**Data provided**
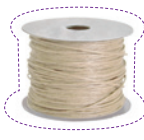
50 cm de ficelle
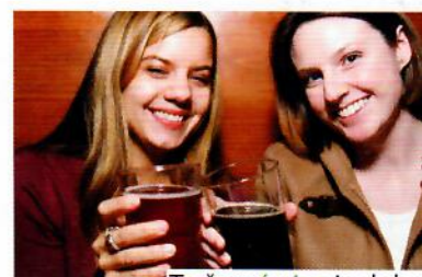
To černé pivo je dobré a kvalitní.
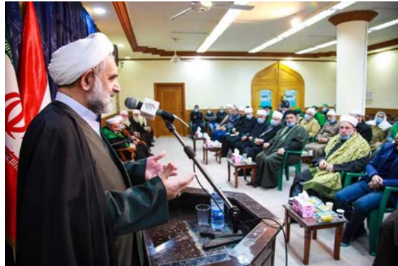
טקס יום השנה ה-42 למהפכה בראשות נציג מנהיג איראן בסוריה (אתר מנהיג איראן בערבית, 11 בפברואר 2021).
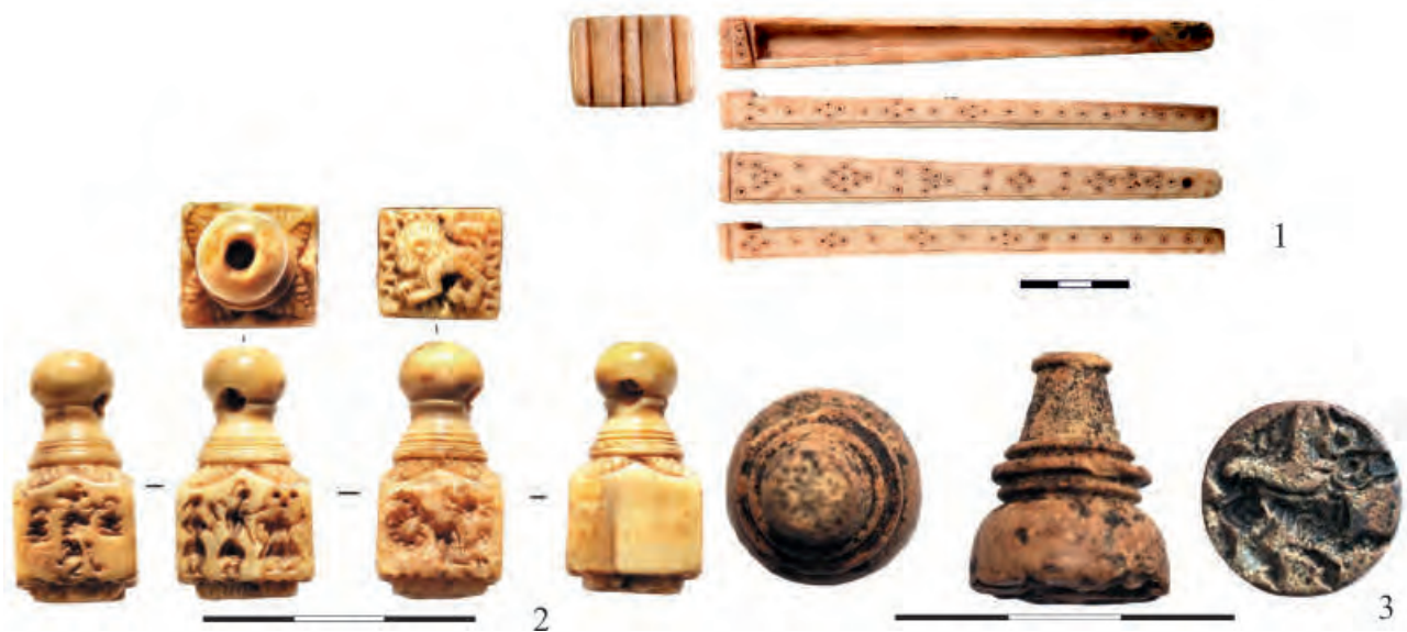
Рис. 4. 1 – пенал для калама (по: Баранов и др., 2016 б); 2–3 – костяные печати-матрицы шахматовидной формы (по: Бадеев, Яворская, 2017)

**Exercise directions**
Make an exact copy of the listing above, omitting the pictures.

**Task response**
50 cm de ficelle
To černé pivo je dobré a kvalitní.
טקס יום השנה ה-42 למהפכה בראשות נציג מנהיג איראן בסוריה (אתר מנהיג איראן בערבית, 11 בפברואר 2021).
Рис. 4. 1 – пенал для калама (по: Баранов и др., 2016 б); 2–3 – костяные печати-матрицы шахматовидной формы (по: Бадеев, Яворская, 2017)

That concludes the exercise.